_Source material_
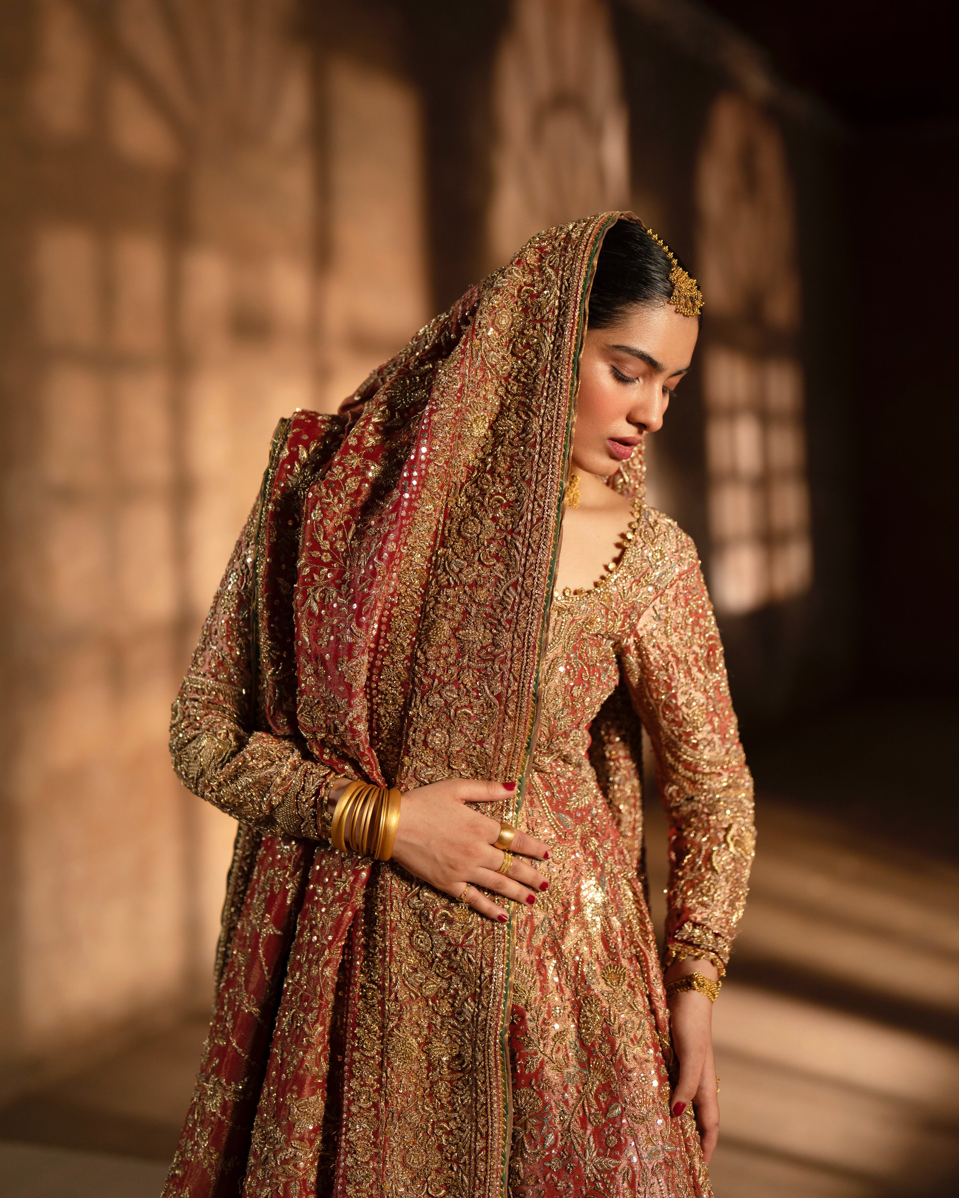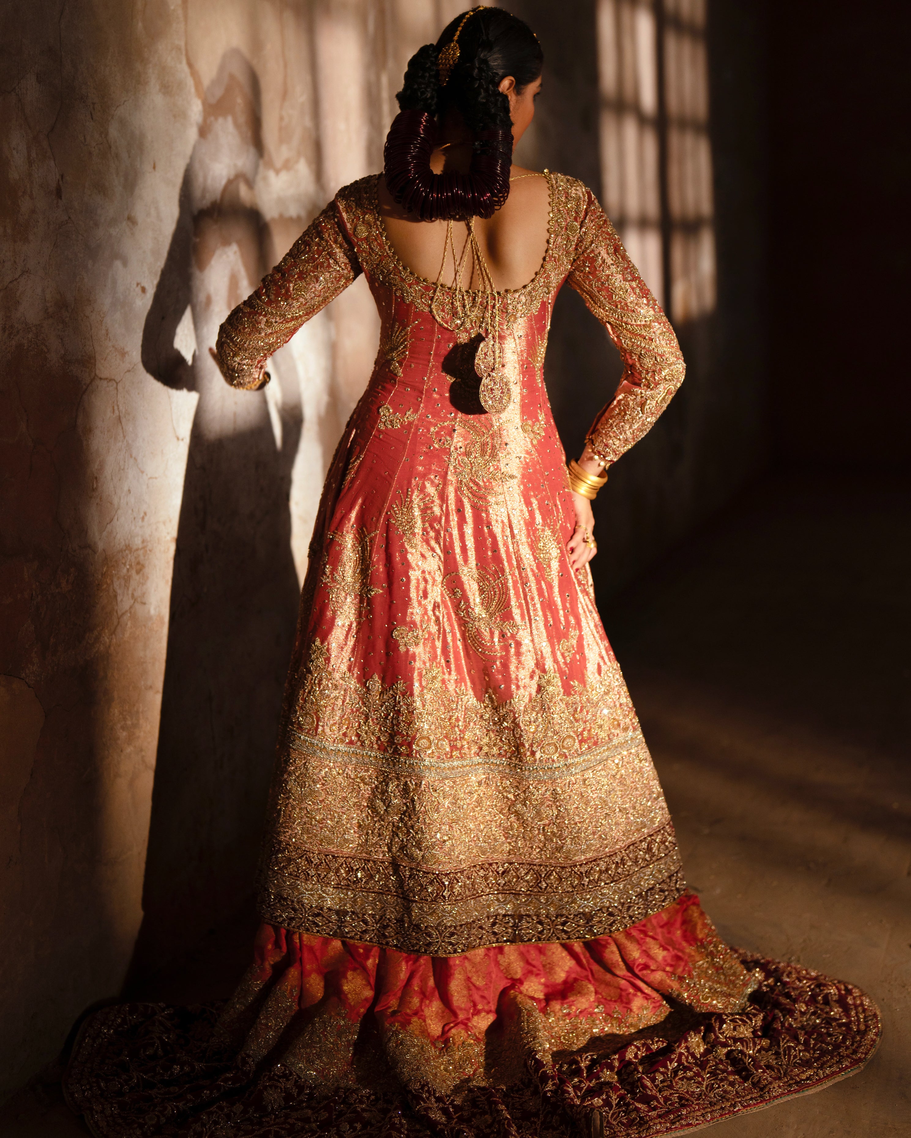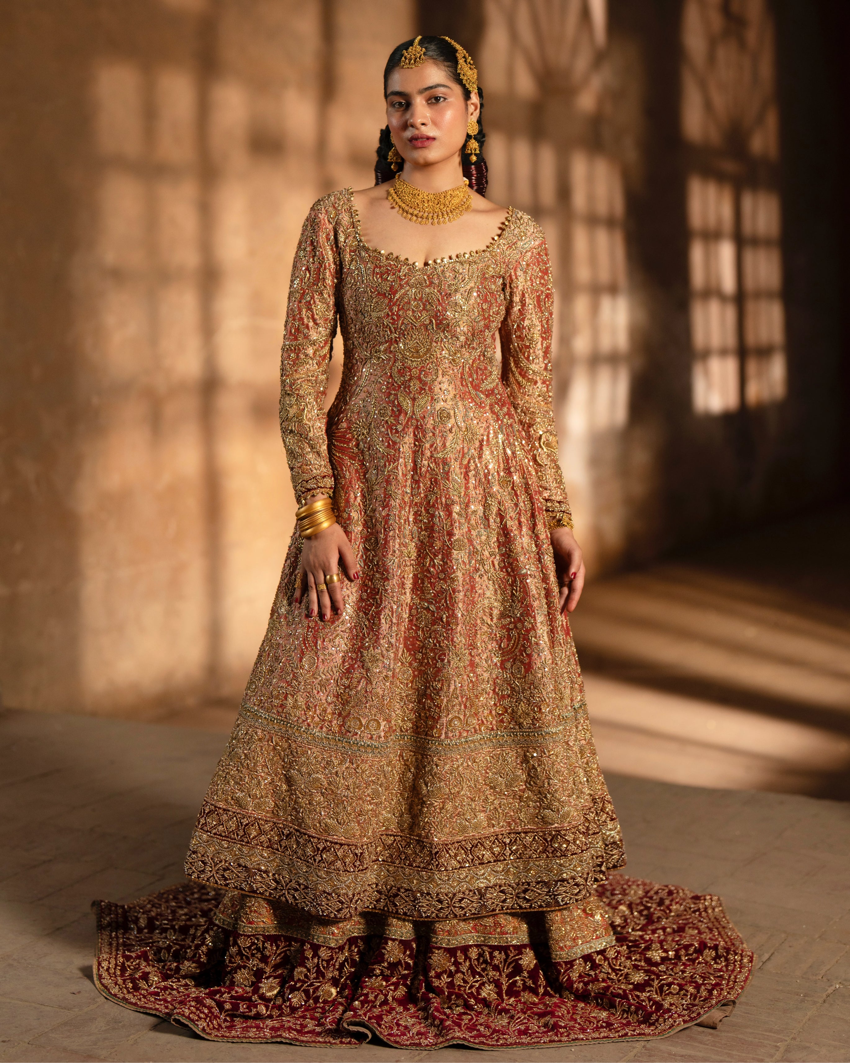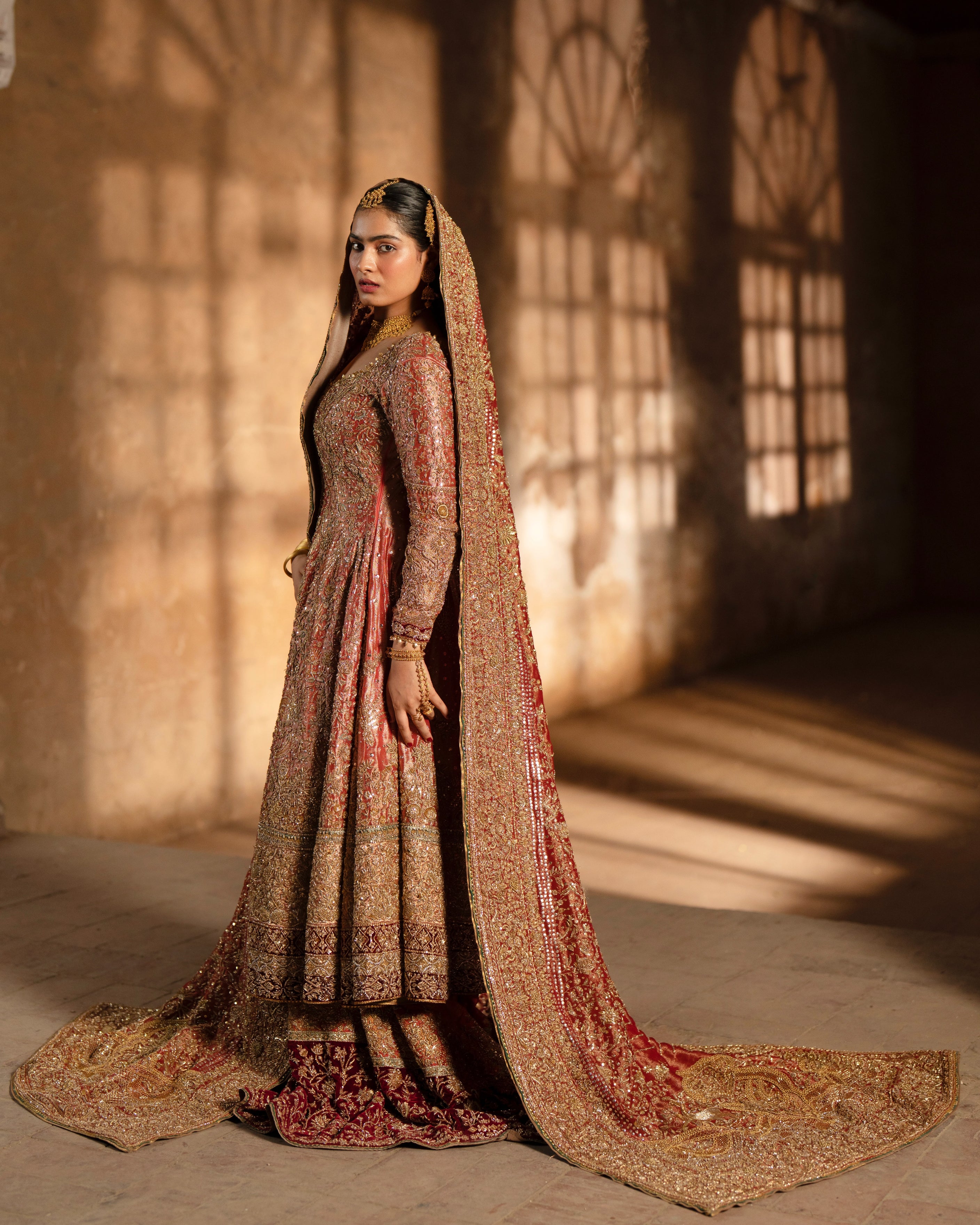 A light coral pure lama pishwas, beautifully detailed with zardosi, dabki, naqshi, and sitara work. Paired with a pure brocade jamawar lehnga and a pure lama dupatta — Tradition in every detail.
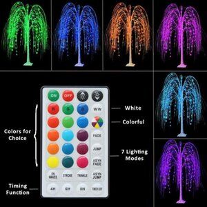 About this itemProduct detailsProduct Description Colorful Design Designed with RGB LED lights, 16 colors and 8 flashing modes makes various different of lights for you. Get 1 tree to fit many home and party decorations. Christmas and Halloween Tree Light An exquisite light decor to your home, living room, fireplace, and children's room. Light up for your Christmas, Valentines, Easter, Birthday, Wedding, Party, and other important events in life. DIY Branches Naturally drooping branches with LED light can be adjusted for your shape. Numerous wicker swings gently, increase the sense of agility for your home. 6ft LED Willow Tree This 6 ft tall willow tree is suitable for outdoor decoration. IP44 waterproof, perfect for daily or festival garden, patio, porch decoration. Powered by Adapter, pls keep the adapter dry when used outdoor. Newest Remote Control 16 colors and 8 flashing modes for choice, like FADE, JUMP, TWINKLE, STROBE etc. Remote with timer function for controlling the tree light 5ft LED Willow Tree 5 ft LED willow tree with 240 colorful lights, can be a wonderful decoration for your home, garden, patio, porch, Thanksgiving, Christmas, parties, wedding, birthday, etc. . RGB willow tree RGB willow tree LED birch tree LED birch tree LED RGB birch tree Warm White Willow Tree Height 5FT 6FT 6FT 7FT 6FT 6FT Color RGB RGB Warm White Warm White RGB Warm White
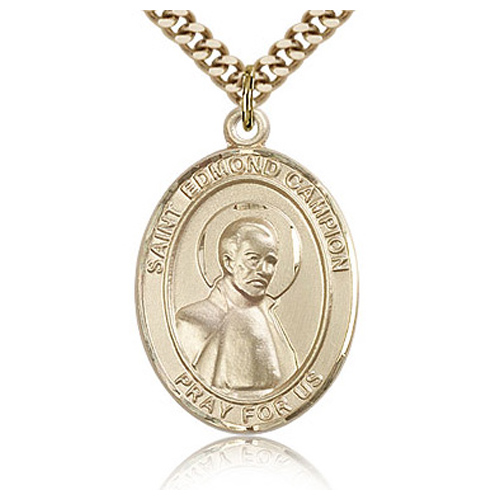 Gold filled sterling silver oval St Edmund medal dangles from a 24-inch stainless steel, endless heavy curb chain with gold plating.Die struck, hand-engraved. Inscription: SAINT EDMUND PRAY FOR US. Dimensions: 1in x 3/4in. This item is the size of a quarter. Made in USA.
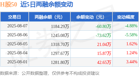 本站音讯,8月7日,H股50(159850)融资买入91.01万元,融资偿还151.8万元,融资净卖出60.8万元,融资余额1184.29万元。
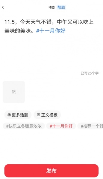3、我们以动态为例,输入你想要发布的动态内容,还可以附带图片和话题,之后点击发布按钮,就能在社区动态里完成发布了。
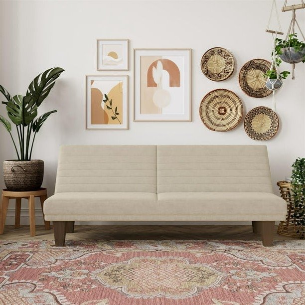 This Tan Modern Upholstered Microfiber Adjustable Futon Sleeper Sofa is the perfect piece for any home. Whether you are looking for extra seating in your living room, family room, or home office, this futon has all the features you are looking for. With its simple silhouette and neutral color options, this futon can easily and beautifully complement the existing dÈcor of any room, no matter the style. Equipped with a simple push and pull mechanism, the backrest can quickly be converted between a sitting, lounging, and sleeping position to accommodate any situation. This futon is built with a sturdy wood frame and a soft-to-the-touch microfiber upholstery that will withstand years of unexpected overnight guests and mid-day naps.
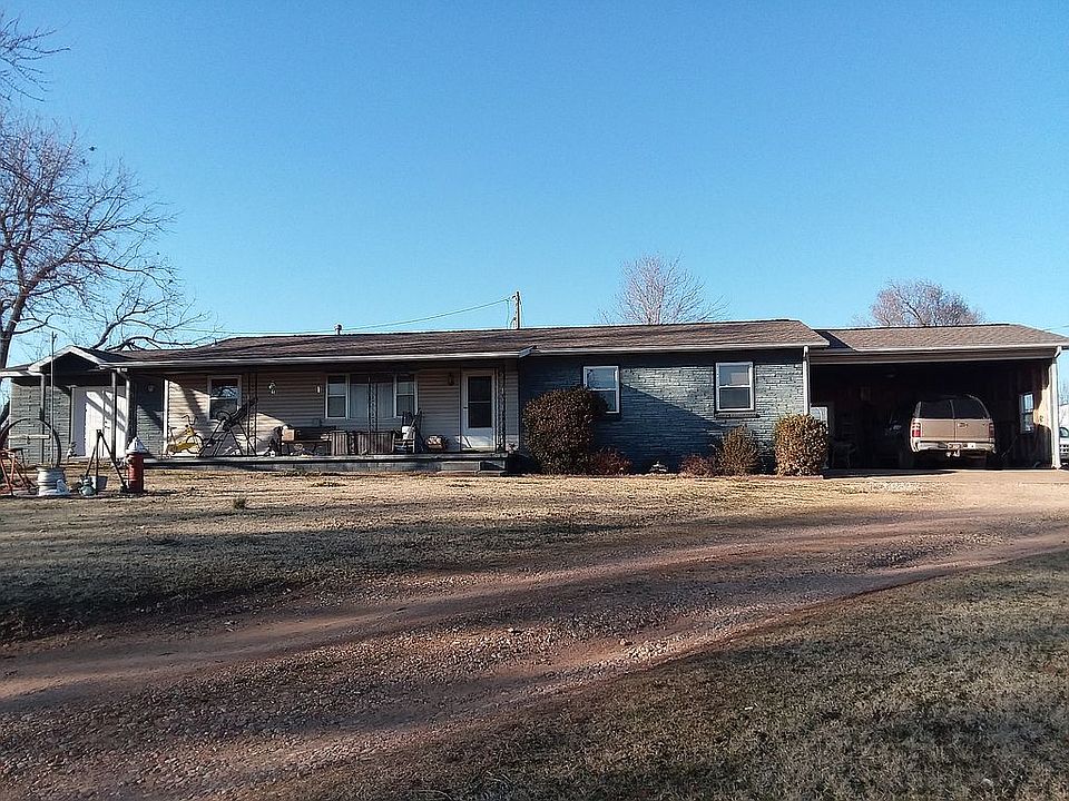 It's a Traditional, 1 story, 3 bdr, 2 full baths, living room, kitchen and an outside heat & air unit. There is sun room that was added later that has a wood stove. New windows were in stalled in 2020. There is also a back house that we rented. It is 920' sq. ft. It's 1 story with stone veneer exterior, 2 bdr, 1 bath. Everything on 15 acres.
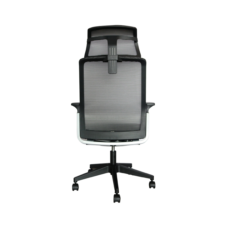 High back with headrest,black fixed armrests,ML mechanism,silver powder coated steel U- frame, black nylon base & castors
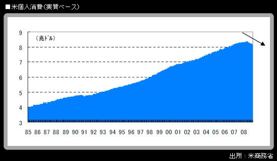 (1)米国の人口は、92年1月時点で2億5533万人、2008年12月時点で3億585万人、この17年間の増加率は約20%である。92年1月時点の実質個人消費(年率換算)を1.2倍すると、5兆8454億ドル。2008年12月実績である8兆1675億ドルとの差額は▲2兆3221億ドルという、非常に大きな数字となる。米国の実質GDP(国内総生産)は約11兆6000億ドルなので、その約20%が今後失われるという話になる。

_Activity_
Please print the lines above word for word, starting at the one with "Gold filled sterling" and ending at the one with "High back with", both included, and without any picture.

_Answer to this task_
 Gold filled sterling silver oval St Edmund medal dangles from a 24-inch stainless steel, endless heavy curb chain with gold plating.Die struck, hand-engraved. Inscription: SAINT EDMUND PRAY FOR US. Dimensions: 1in x 3/4in. This item is the size of a quarter. Made in USA.
 本站音讯,8月7日,H股50(159850)融资买入91.01万元,融资偿还151.8万元,融资净卖出60.8万元,融资余额1184.29万元。
3、我们以动态为例,输入你想要发布的动态内容,还可以附带图片和话题,之后点击发布按钮,就能在社区动态里完成发布了。
 This Tan Modern Upholstered Microfiber Adjustable Futon Sleeper Sofa is the perfect piece for any home. Whether you are looking for extra seating in your living room, family room, or home office, this futon has all the features you are looking for. With its simple silhouette and neutral color options, this futon can easily and beautifully complement the existing dÈcor of any room, no matter the style. Equipped with a simple push and pull mechanism, the backrest can quickly be converted between a sitting, lounging, and sleeping position to accommodate any situation. This futon is built with a sturdy wood frame and a soft-to-the-touch microfiber upholstery that will withstand years of unexpected overnight guests and mid-day naps.
 It's a Traditional, 1 story, 3 bdr, 2 full baths, living room, kitchen and an outside heat & air unit. There is sun room that was added later that has a wood stove. New windows were in stalled in 2020. There is also a back house that we rented. It is 920' sq. ft. It's 1 story with stone veneer exterior, 2 bdr, 1 bath. Everything on 15 acres.
 High back with headrest,black fixed armrests,ML mechanism,silver powder coated steel U- frame, black nylon base & castors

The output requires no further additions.